__INFORMATION SUPPLIED__.
[Start of section]
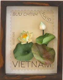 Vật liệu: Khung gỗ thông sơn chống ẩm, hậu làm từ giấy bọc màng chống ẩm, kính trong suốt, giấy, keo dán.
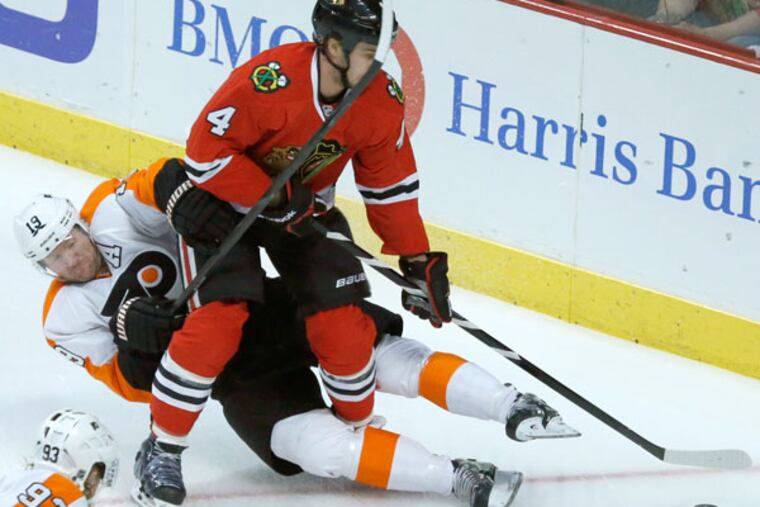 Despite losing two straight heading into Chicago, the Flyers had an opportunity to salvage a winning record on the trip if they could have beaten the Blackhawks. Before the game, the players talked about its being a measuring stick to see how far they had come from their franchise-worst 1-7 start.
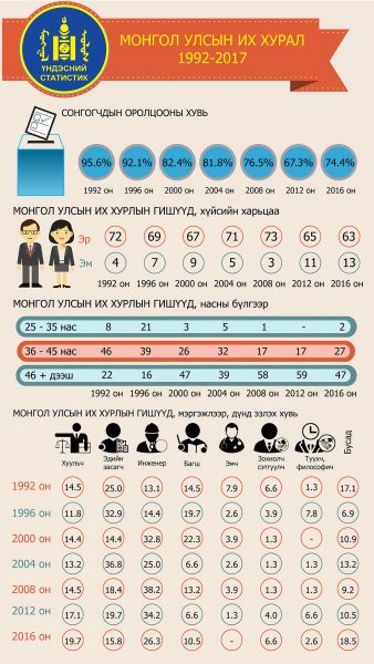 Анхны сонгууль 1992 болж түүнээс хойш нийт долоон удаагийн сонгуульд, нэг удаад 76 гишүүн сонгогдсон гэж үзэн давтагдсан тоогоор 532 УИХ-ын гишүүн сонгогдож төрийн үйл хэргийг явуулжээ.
[End of section]
__TASK DESCRIPTION__. Skip the pictures and copy exactly the lines from the one containing "Despite losing two" through the end of the material, both ends included.

__RESULT OF THIS EXERCISE__.
 Despite losing two straight heading into Chicago, the Flyers had an opportunity to salvage a winning record on the trip if they could have beaten the Blackhawks. Before the game, the players talked about its being a measuring stick to see how far they had come from their franchise-worst 1-7 start.
 Анхны сонгууль 1992 болж түүнээс хойш нийт долоон удаагийн сонгуульд, нэг удаад 76 гишүүн сонгогдсон гэж үзэн давтагдсан тоогоор 532 УИХ-ын гишүүн сонгогдож төрийн үйл хэргийг явуулжээ.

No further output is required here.